E-commerce site changed refund policy after purchase: Capture current refund terms, find your order confirmation referencing the original refund policy, and document your refund request and denial.
Service added forced arbitration clause: Capture current terms showing arbitration, document the original terms without it, and note that you were never meaningfully notified or given a chance to opt out.
Preventive Strategies for Businesses and Consumers
For Consumers
- Capture terms at sign-up for any service where money or rights are involved
- Capture pricing pages before making purchase decisions
- Set calendar reminders to periodically re-capture terms for ongoing subscriptions
- Save all confirmation emails in a dedicated folder
- Monitor ToS change notifications (services like tosdr.org track some platforms)
For Businesses
- Capture competitor terms to prevent bait-and-switch accusations against your business
- Capture vendor terms when signing contracts with service providers
- Document partnership agreements with web captures of referenced online materials
- Maintain a terms archive for your own terms to demonstrate good faith
Legal Options When Terms Change
Depending on your jurisdiction and situation:
Breach of contract claim. If you can prove the original terms constituted a binding agreement and were modified without proper consent.

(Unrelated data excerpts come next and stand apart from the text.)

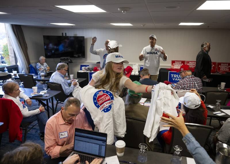 El miércoles por la mañana, se unió a otros 50 activistas de Texas, California y otros estados para una reunión informativa en un DoubleTree local antes de dispersarse por todo el condado. Rick Potter, presidente nacional de Mighty American Strike Force, otro grupo que reúne votos para Trump, dio consejos: ser amable, tener cuidado con los perros, tocar el timbre solo una vez y, lo más importante, limitar las conversaciones el día del partido de los Steelers.
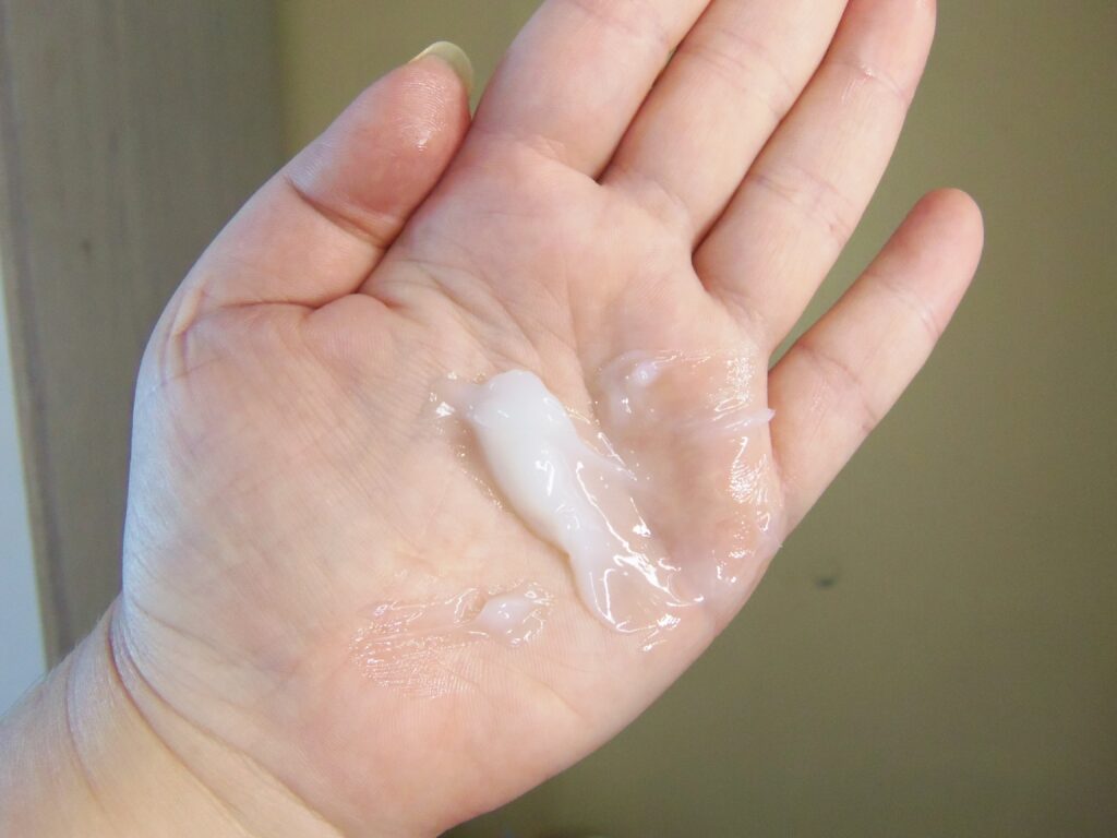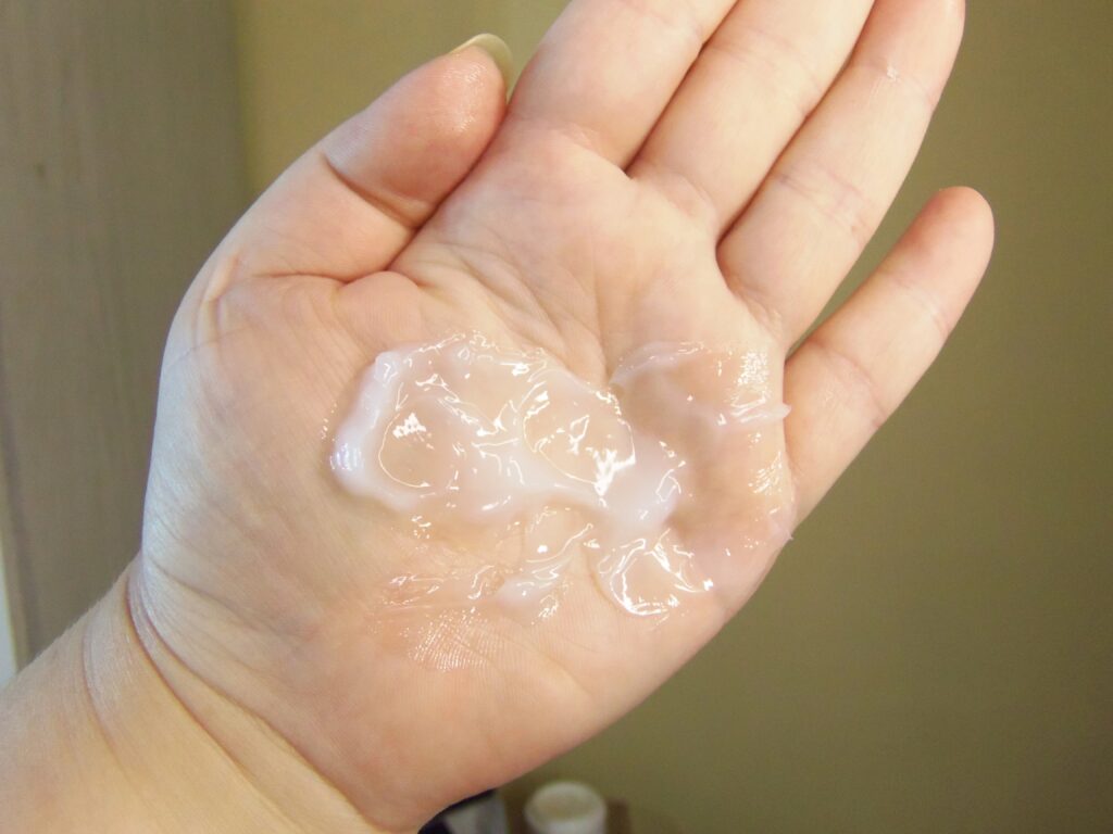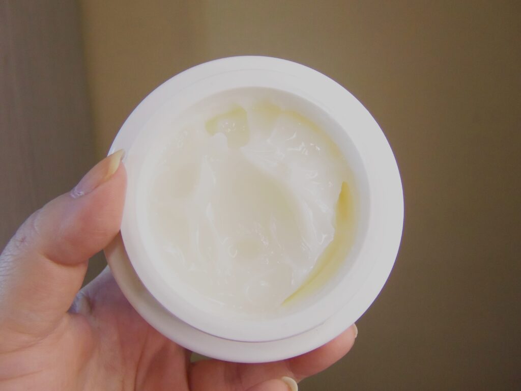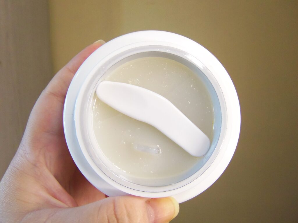 O mesmo possui textura cremosa indo para a gelatinosa, branca e leve. Um pouco é suficiente para utilização e é necessário uma espátula, inclusive vem uma junto com o produto ou os dedos para retirar o creme.
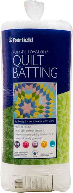 Poly-Fil Low-Loft® quilt batting sets the standard for all other 100% bonded polyester battings. It is a favorite among machine quilters and hand quilters. It will retain its loft wash after wash and dries quickly, making it ideal for lightweight quilts and baby quilts. Hand quilters love that it is the easiest batting to needle through and accentuates tiny hand stitches. Weight: 2 oz. / sq. yd.
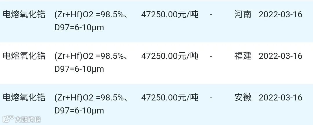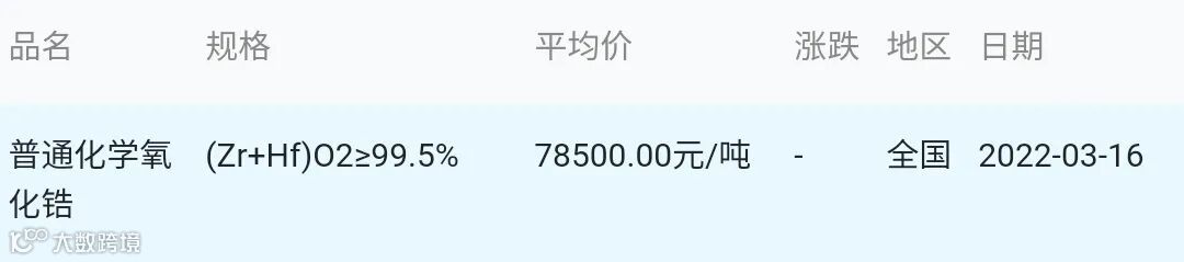 2022年03月16日氧化锆材料市场参考价:
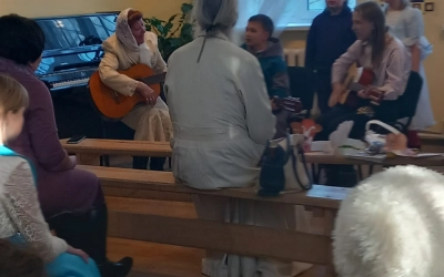 Детско-Юношеский хор Воскресной школы "Радуга" под руководством Ирины Гульевой и аккомпаниатором Оксаны Ермолаевой, клуб любителей песни ДДТ под руководством Елизаветы Красниковой, ученики ДШИ по классу баяна учителя и директора Усубовой О. в домашней обстановке порадовали песнями и стихами, исполнением живой музыки на баяне, фортепиано и скрипке.
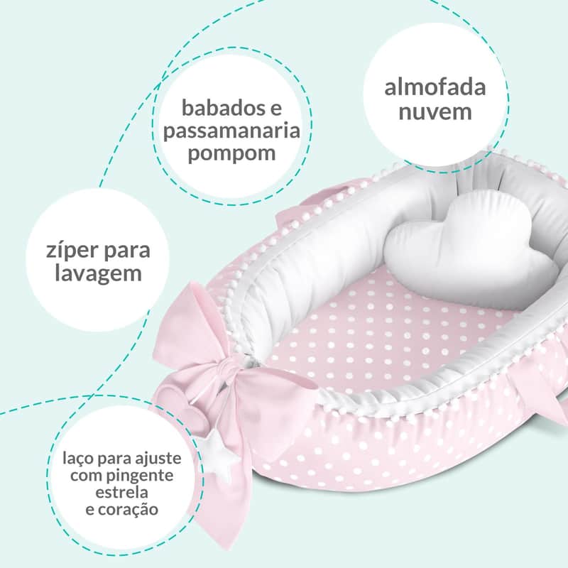 Ninho para Bebê Redutor de Berço Poá Rosa/Branco 80cm
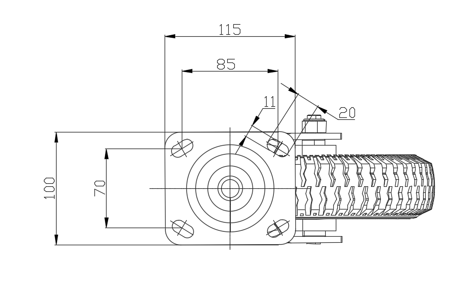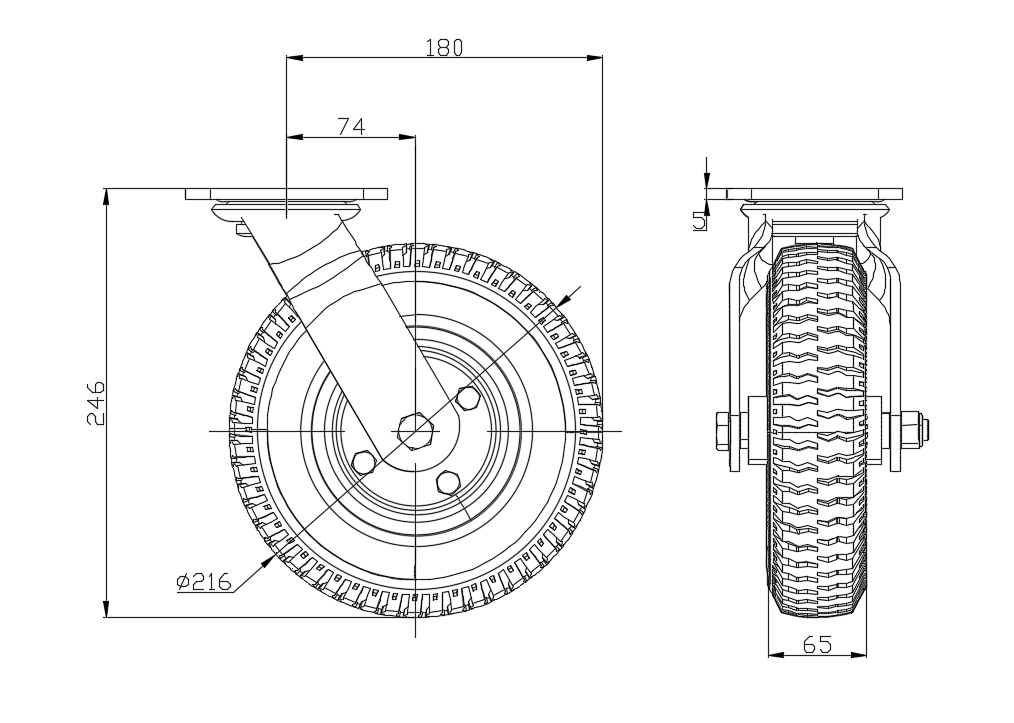 底板规格 115 x 100mm 底板孔距 85 x 70mm 底板孔径 20 x 11mm 偏心距 74mm 旋转干涉 360mm 总高 246mm 旋转半径 180mm 硬度 75±5° Shore A 荷重(动态) 100kgs |
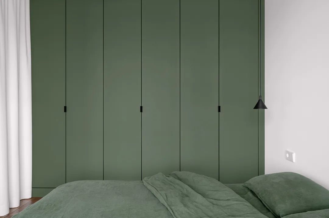 垂拔挺立的超高柜門,除去了把手的多余突兀感,給人的第一感覺更像是抽了縫的墻面,抽縫的線條也賦予了塊面的層次感和流動感,讓整個柜門看上去并不會單調乏味,上下連貫垂拔,左右連續的超高柜門,形成的多層次塊面讓空間的整體性更強。
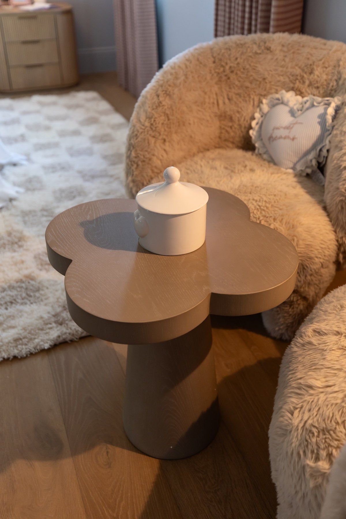 Shaped like a blooming flower, the Allium Side Table brings a playful twist to natural texture and form. Its creamy, smooth-finish top is easy to clean, while the grey-brown ash veneer base and grain detailing add a warm vibe to this sculptural standout.
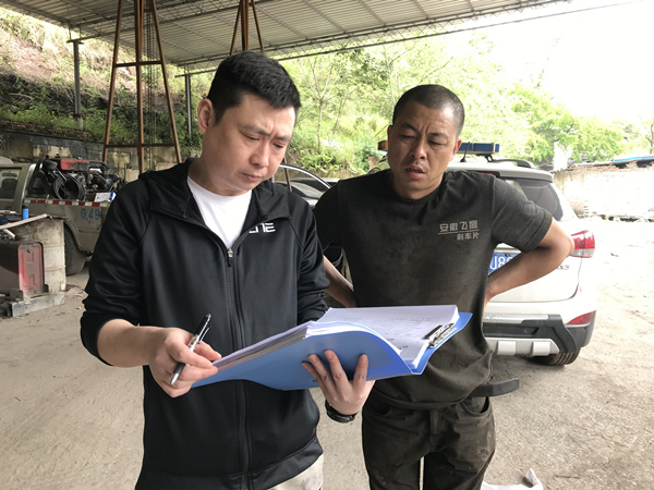 回訪涉嫌成品油非法經營的企業。北碚區交通局供圖

Consumer protection complaint. Many jurisdictions have unfair business practice laws that cover unilateral contract modifications.
Regulatory complaint. The FTC (US), CMA (UK), and equivalent bodies investigate deceptive business practices.
Class action. If many consumers were affected by the same change, collective action may be appropriate.
Chargeback. For credit card payments, you may be able to dispute charges based on services not as described.
Start Capturing Today
The lesson is simple: if you are agreeing to terms that affect your money, rights, or business, capture those terms the moment you agree. The thirty seconds it takes to create a forensic capture can save you months of dispute resolution — and gives you proof that cannot be challenged even after the company rewrites their entire website.